Литмир - Электронная Библиотека
Содержание  
A
A

АВ OVO. ОТ ЯЙЦА…

И так же неосознанно, мгновенно, я почувствовал, что ее папашки быть не должно. Я тогда не рассуждал, не планировал, не кумекал, что с ним делать: убить, придушить в камере, загнать на Баюклы. Я просто знал, что втроем мы не вписываемся в золотисто-черное ощущение счастья, которое обещала эта девочка. Пока он жив, она – часть его, и эта часть меня всегда должна ненавидеть. А мне было нужно, чтобы она меня любила. Ему следовало исчезнуть. Хоть испариться.

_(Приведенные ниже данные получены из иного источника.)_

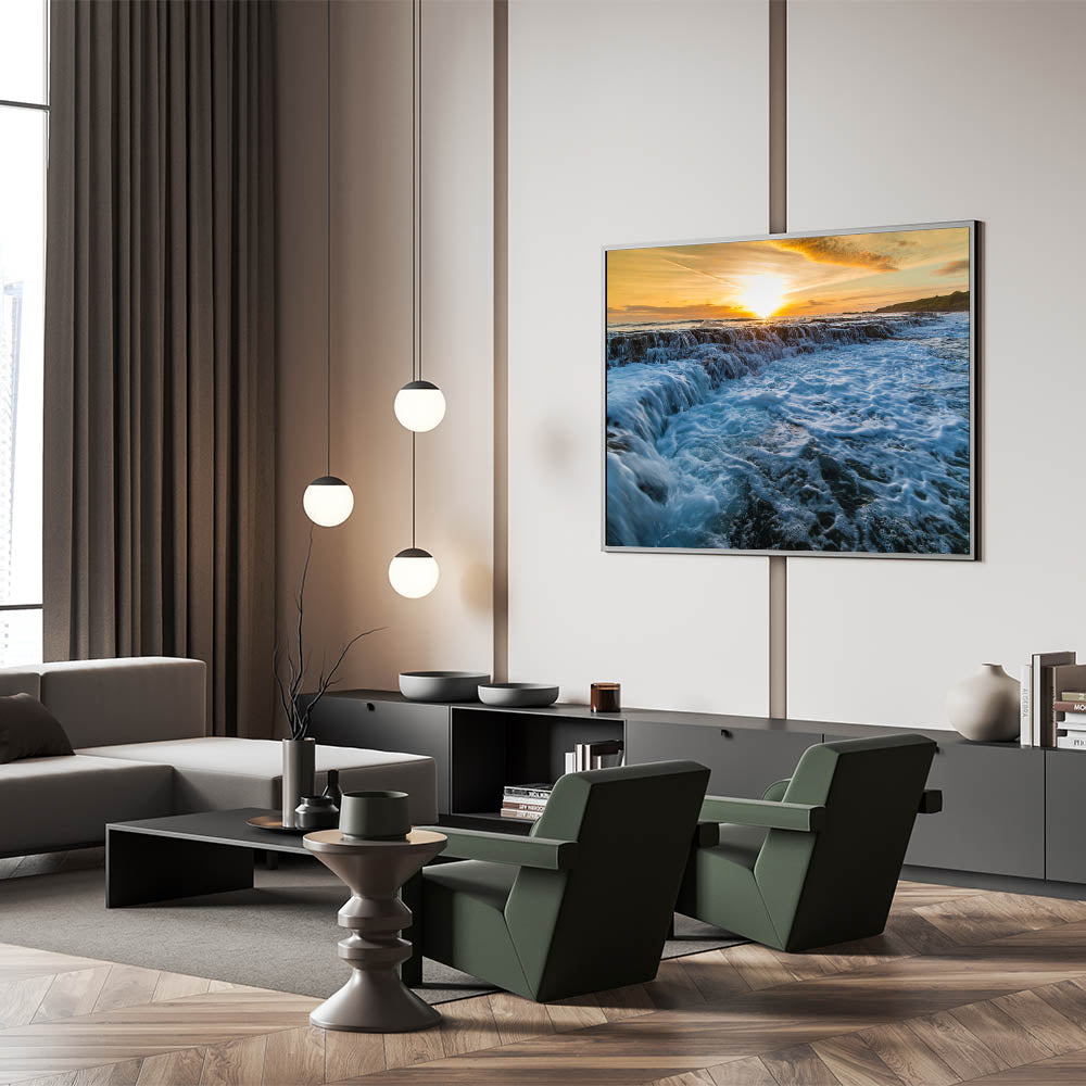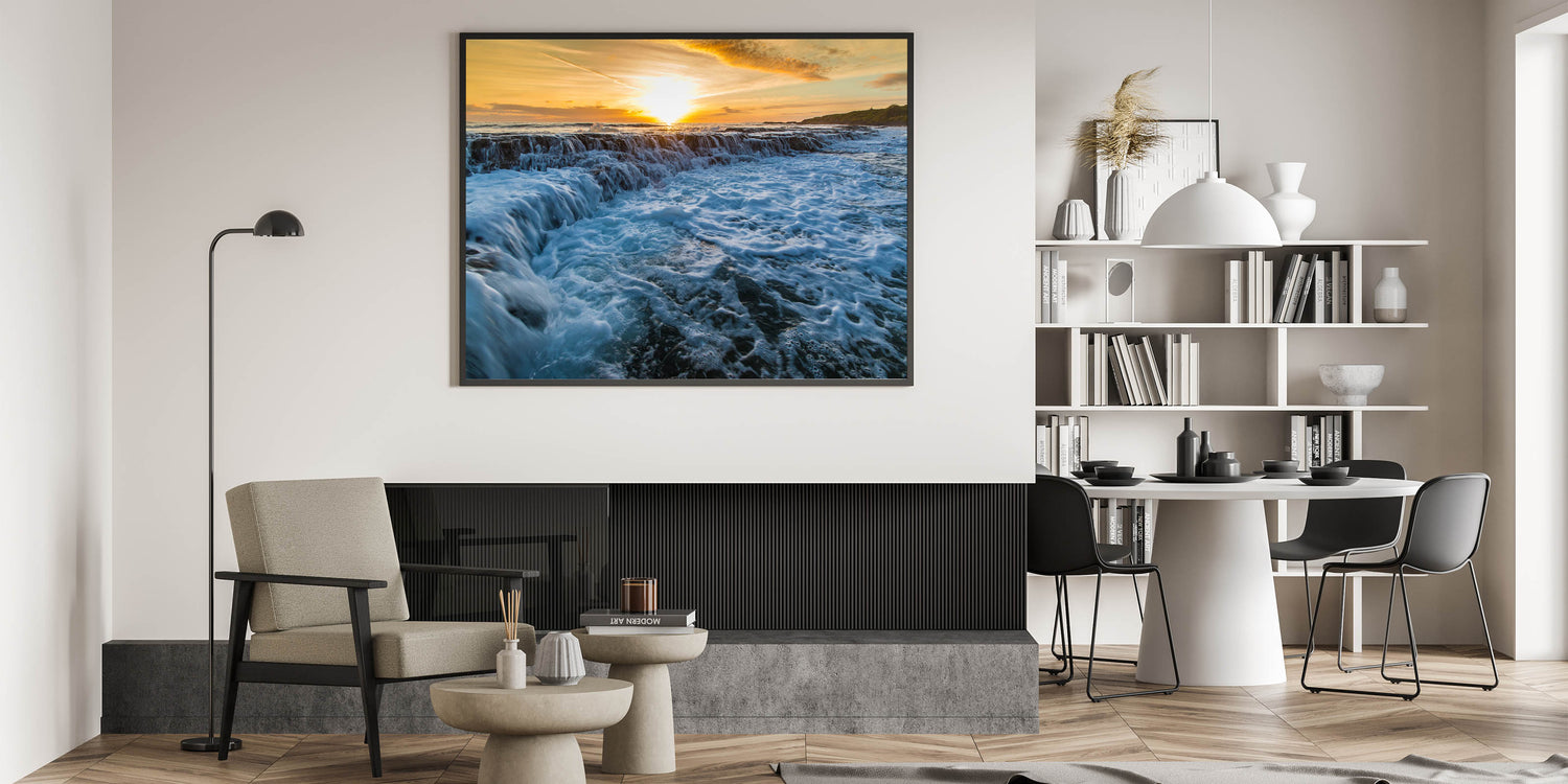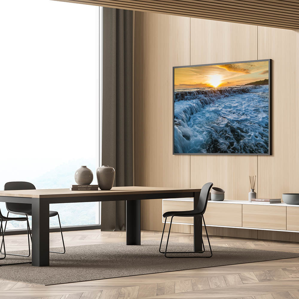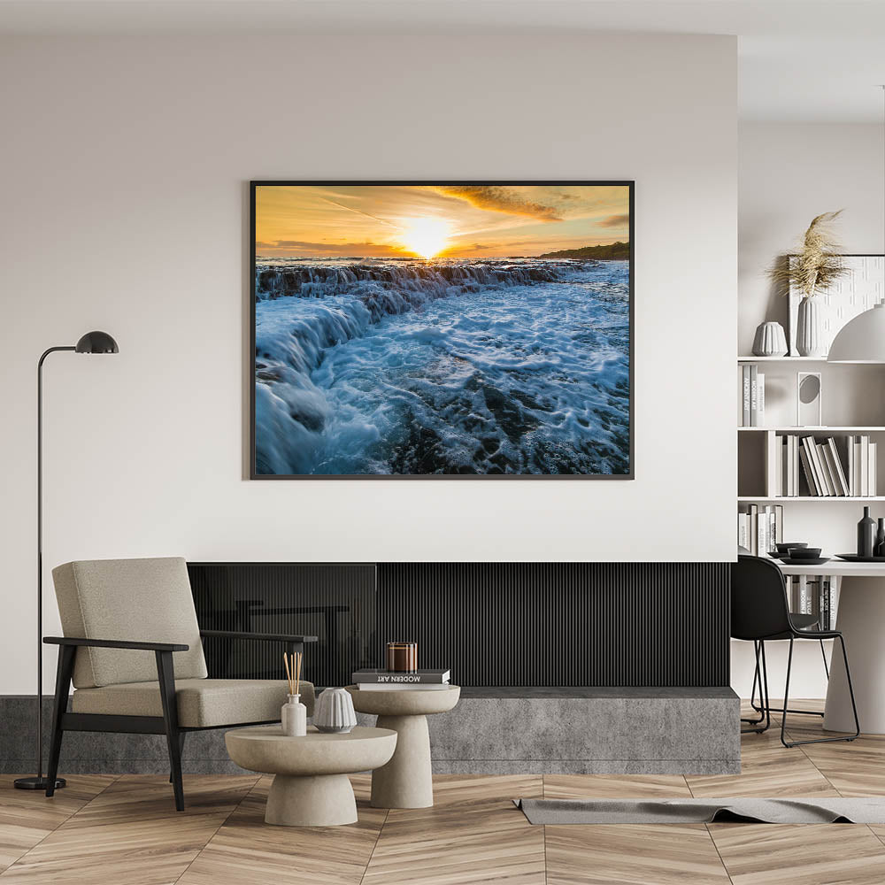 Enhance your home with this Kauai wall decor, featuring the dramatic flow of ocean waves against the backdrop of a glowing sunset, offering a sense of tranquility and natural beauty.
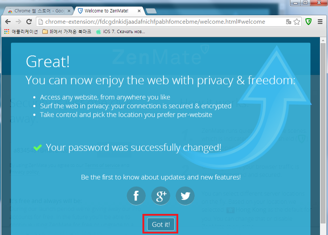 패스워드를 변경한 뒤 위 그림과 같이 Go it!을 클릭하면 IP 우회를 할 수 있게 됩니다.
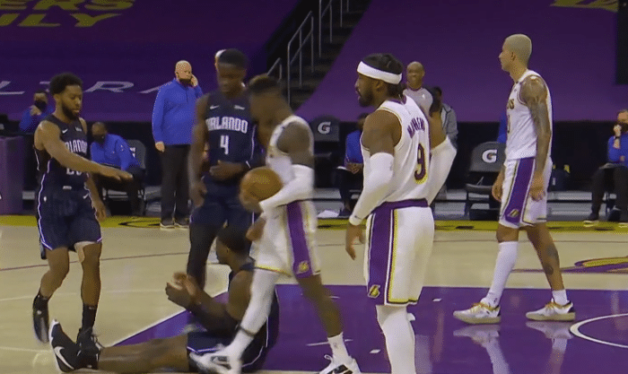 末节比赛开始后两队进入拉锯战,比分交替领先,库兹马三分球命中,湖人取得了5分的领先优势,最后时刻施罗德连造犯规6罚全中,30秒卡特暴扣得手,湖人领先3分,波特三分压哨不进,最终全场比赛结束,湖人96:93险胜魔术。本场比赛时刻施罗德24分,小加索尔7中2,波普4中1,马修斯5中1。
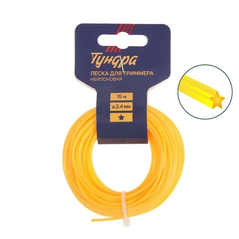 Сечение лески имеет форму звезды, что обеспечивает эффективную резку травы и другой растительности. Не имеет витой формы и жилы.
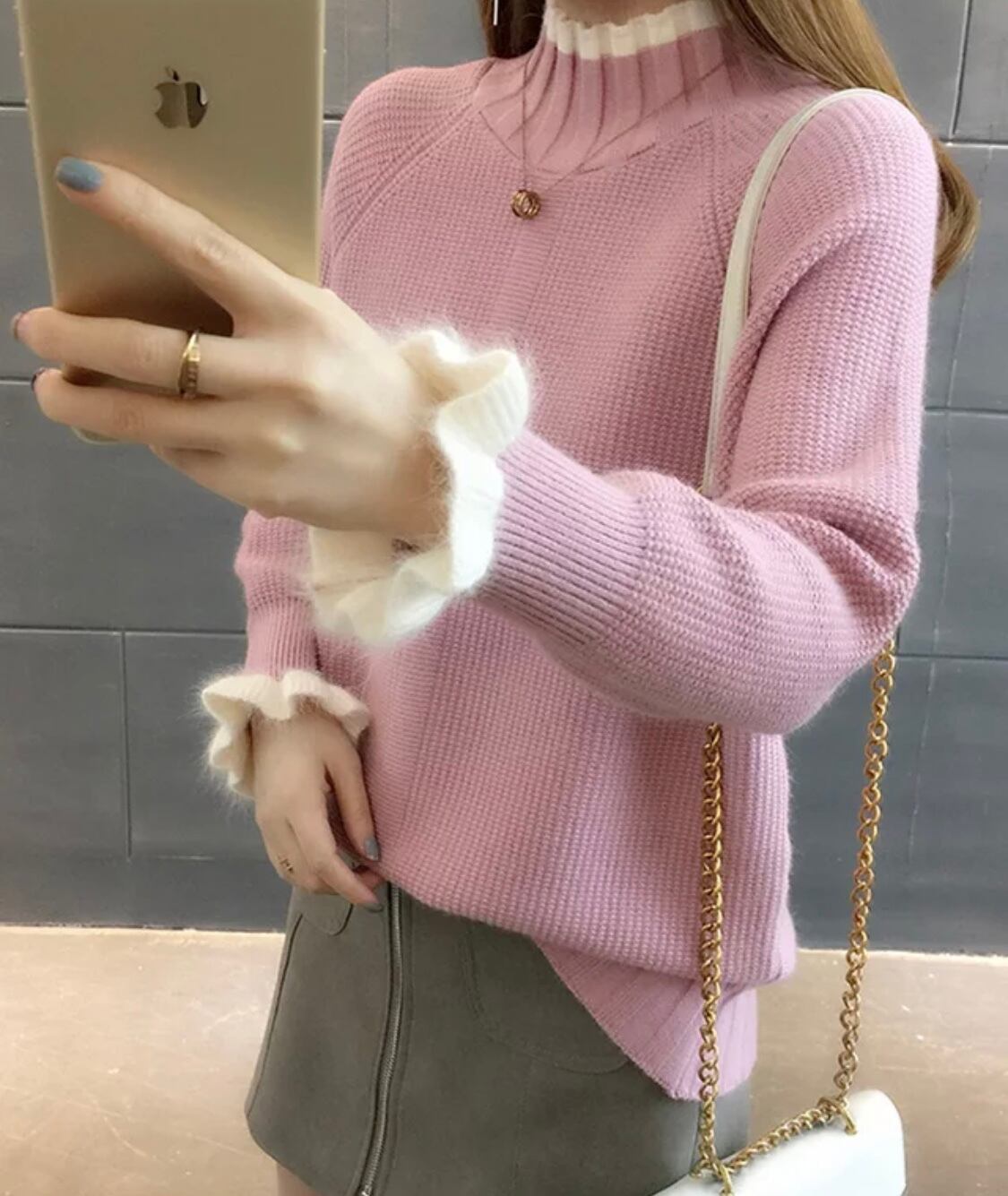 お袖口のふわふわの白いフリルがとても可愛いピンク×ホワイトのタートルネックのニットになります♡
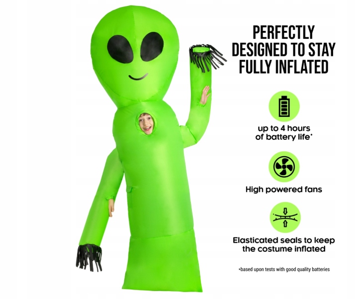 Этот костюм отражает забавный дух инопланетян благодаря яркому зеленому цвету, большим глазам и смешным развевающимся рукам. батареи, чтобы надуть костюм через несколько секунд. Легкий и удобный:
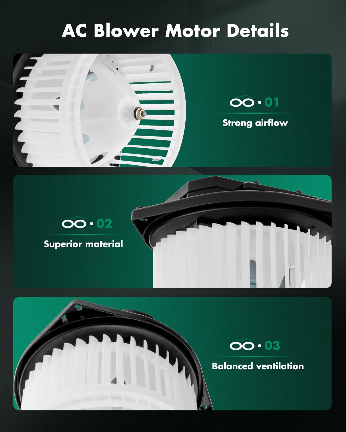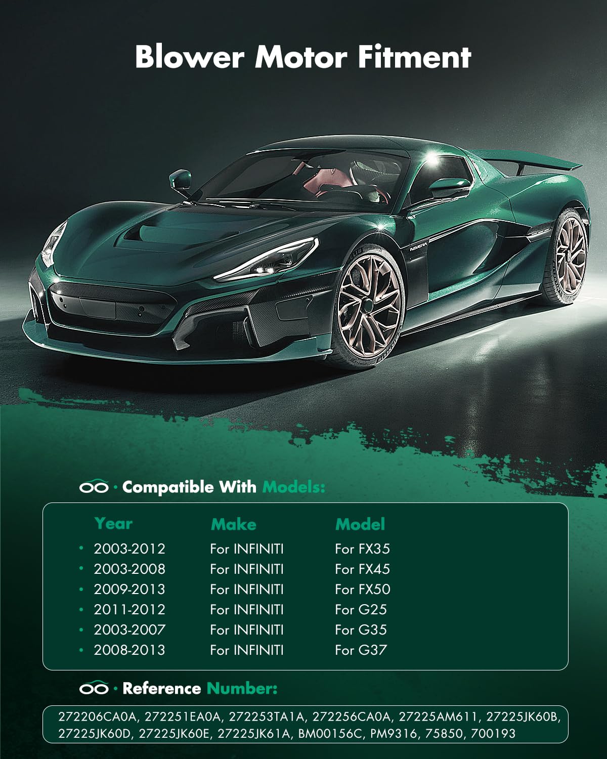 FITMENT: The Heater Blower Motor fit for 2008-2012 for Infiniti EX35 /2003-2012 for Infiniti FX35 /2013 for Infiniti FX37 /2003-2008 for Infiniti FX45 /2009-2013 for Infiniti FX50 /2011-2012 for Infiniti G25 /2003-2007 for Infiniti G35 /2008-2013 for Infiniti G37 /2013 for Infiniti JX35 /2006-2010 for Infiniti M35 /2003-2004, 2006-2010 for Infiniti M45 /2002-2006 for Infiniti Q45 /2014-2016 for Infiniti Q50 /2014-2015 for Infiniti Q60 /2014-2016 for Infiniti QX60 /2014-2016 for Infiniti QX70 | OE REPLACES PART NUMBER: # 27200-JA000, 27225-3TA1A, 27225-AM611, 27225-JK60B, 27225-JK60E, 27225JK61A, 75850, PM9316, 700193.( While this is not a genuine OEM part, it is a direct replacement ) | ADVANTAGE OF THE MOTOR: Wind power strong and No noise. Adopt new technology and excellent production equipment to make products more environmentally friendly and energy-saving. | FEATURE OF THE MOTOR: Permanently lubricated self-aligning bearings with long design life and reliable performance. This high quality blower motor is a new aftermarket replacement part built on the most stringent quality control standards. | PREFERRED MATERIAL: Superior materials which provide maximum strength and durability. Material of rotor punching plate is silicon steel sheet. Enameled wire is used copper enameled wire.
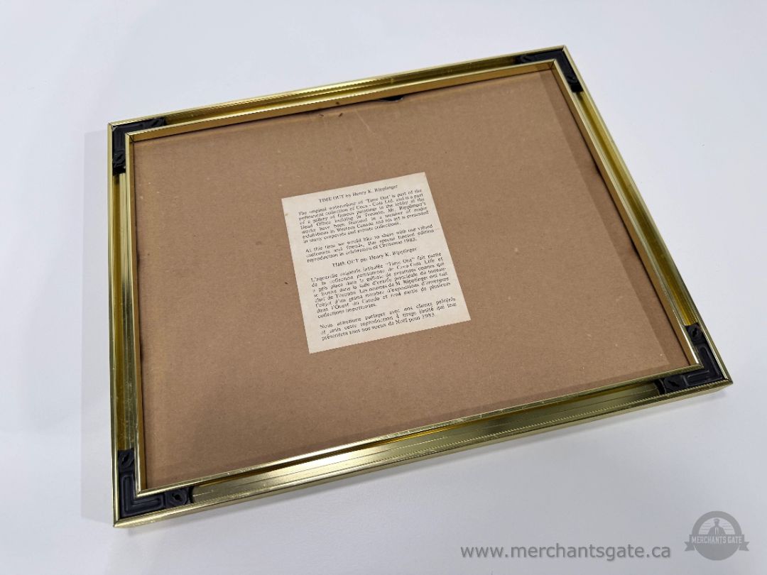 Framed print titled Time Out by Henry K. Rippelinger featuring a boy sitting outside a general store with a Coca Cola bottle and baseball bat. The artwork depicts a nostalgic small town scene with Coca Cola signage in the background. The back label identifies it as a reproduction of the original watercolor used in Coca Cola’s permanent collection.
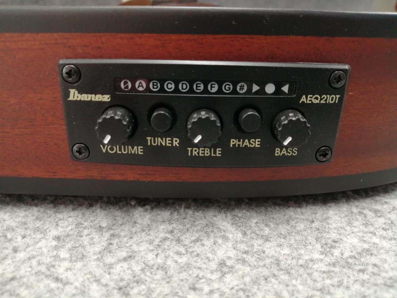 ボリューム、トレブル、ベース、チューナー、フェイズ |
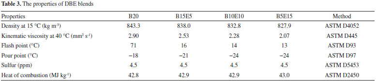 RESULTS AND DISCUSSION Fuel properties The properties of biodiesel blends are very important for the efficient work of engines; the studies have shown that the addition of biodiesel can increase the density and viscosity of diesel, and change its cold weather properties, which can lead to undesirable consequences. However, the addition of ethanol can compensate for the slight change in the fuel properties. Density is one of the most important characteristics of fuel, where a high density can cause a change in engine output power due to the change in mass injected fuel since the fuel injection meter in the engine measure fuel by volume.9,19 As shown in Table 3, the density decreased upon addition of ethanol for a maximum of 1.83%. Another important parameter to assess in fuel quality is viscosity. High viscosity can cause poor fuel atomization, higher engine deposits and incomplete combustion.20 In the current study, viscosity decreases by the addition of ethanol to a maximum of 28.62%. The cold flow properties such pour point can depict the cold flow operability of the fuel especially in cold weather.9 A decrease of 25% was observed in pour point. On the other hand, a slight increase (0.47%) was detected in the heat of combustion. Moreover, the sulfur content did not change suggesting that neither the biodiesel nor ethanol contain residual sulfur, leading to less harmful emission from tshe blends in comparison with conventional diesel. Nevertheless, there was a significant decrease of the flash point to below the ambient temperature, which is dominated by the flash point of the ethanol, this decrease makes the blends highly flammable which will lead to a change in the storage classification of the fuel and more precaution in the handling and transportations of the blends.19
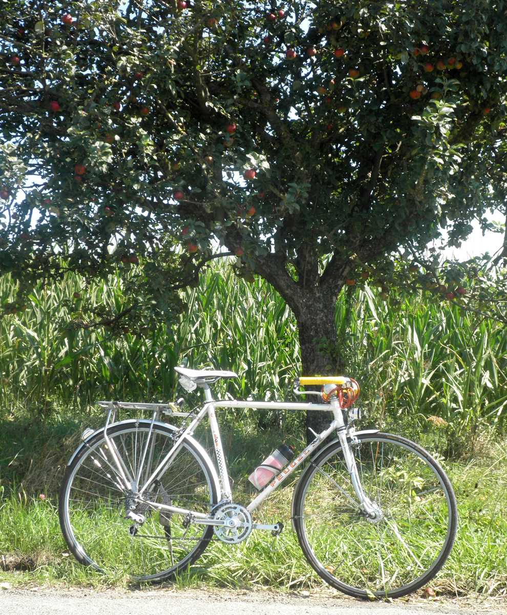 Hier klaue ich wieder Apfel vom Baum und mache eine kleine Pause. Äpfel schmecken von jedem Baum anders, und welche an der Sonnenseite hängen, schmecken besser.
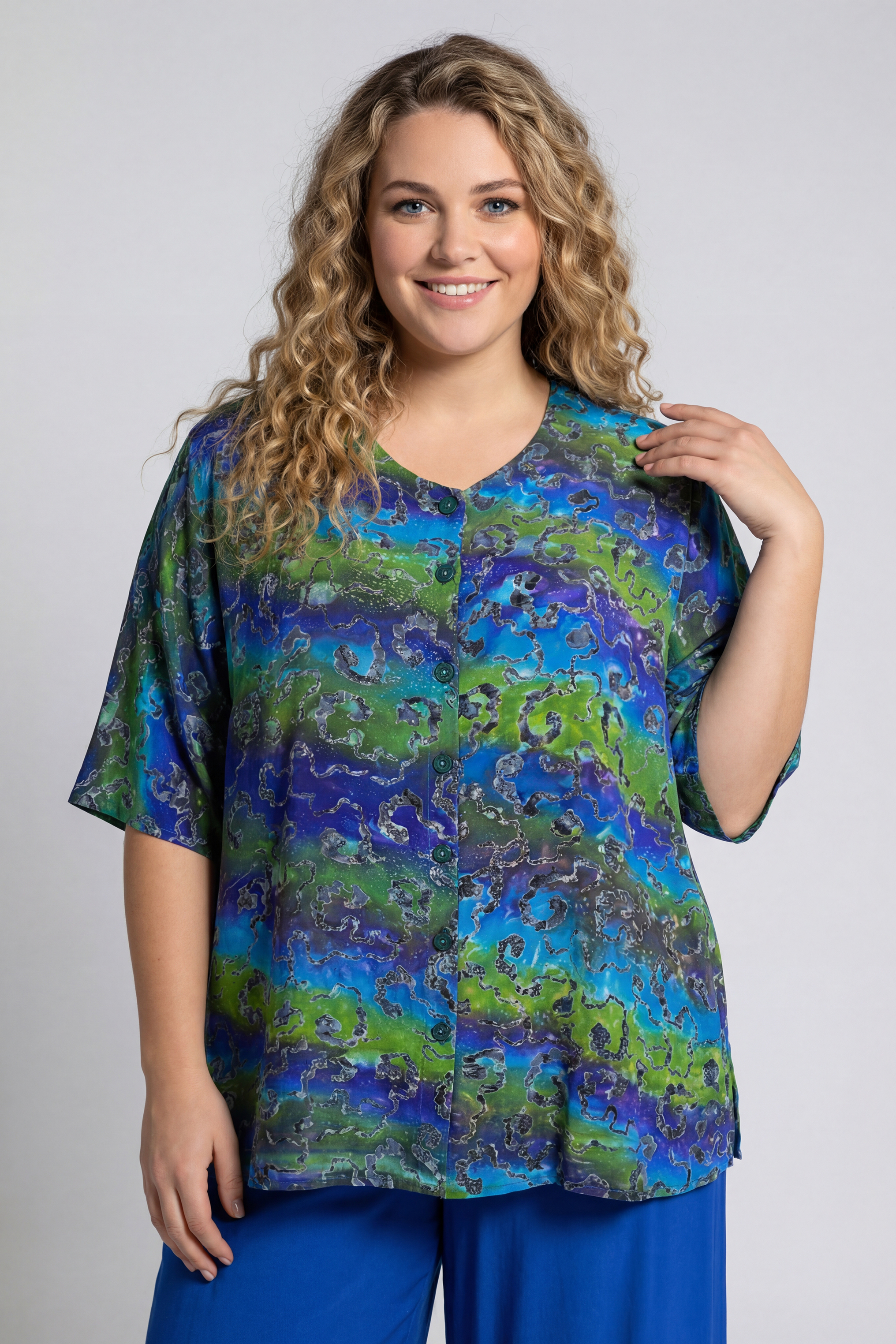 Luna blouse Dallas 15 | dallas5413blue/gree42-52 one
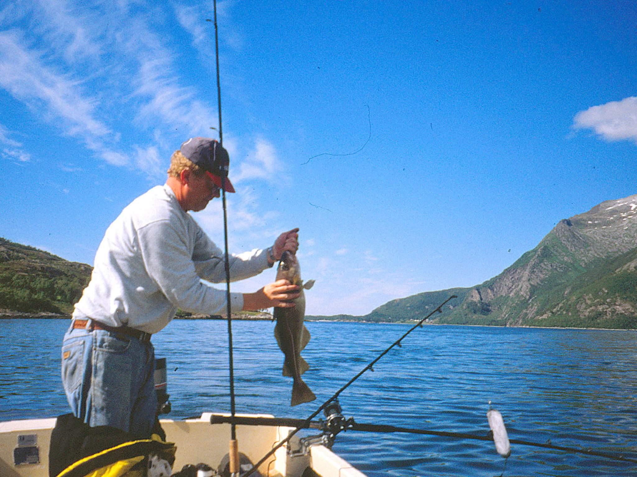 Der Fjord Indre Folda gilt als sehr fischreich. Zusätzlich zu den üblicheren Arten beißen hier auch Lachs und Meerforelle an. Sie können mit der Rute am Ufer direkt vor dem Haus angeln oder das 14 Fuß Boot anmieten und damit längere Angelausflüge unternehmen. Das Boot liegt im Wasser, etwa 50 m vom Haus, bereit (kein Schwimmsteg). Zudem kann am Fluss Oppløelva, etwa 45 km vom Haus, nach Lachs geangelt werden (Angelschein erforderlich).
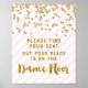 Var snäll och hitta er plats, men ställe är på dansskylten golv bröllop poster i lätt pastelliserad rosa och vit rand mönster med guld konetti och handskriven stil-skrift.

Быть может, люби она отца чуть поменьше, чуть слабей переживай из-за его ареста или будь я не так профессионально наблюдателен – и остался бы живым до сих пор дед Лева, профессор нижних дырок рэб Лурье.

Но я видел, как они смотрели друг на друга.

Сейчас это может показаться непонятным, сейчас все-таки время другое, но тогда мое поведение было совершенно нормальным. Дело в том, что тогда время шло не вперед, а назад. Год прошел – люди откатились на сто лет назад. Еще год – еще век.

Разве можно осуждать воина Чингисхана за то, что, захватив город, он убивал мужчин, а женщин насиловал? Это ведь естественно, это в природе человека, по-своему это двигатель общественного прогресса. Люди от глупости и лицемерия не хотят признать очевидного.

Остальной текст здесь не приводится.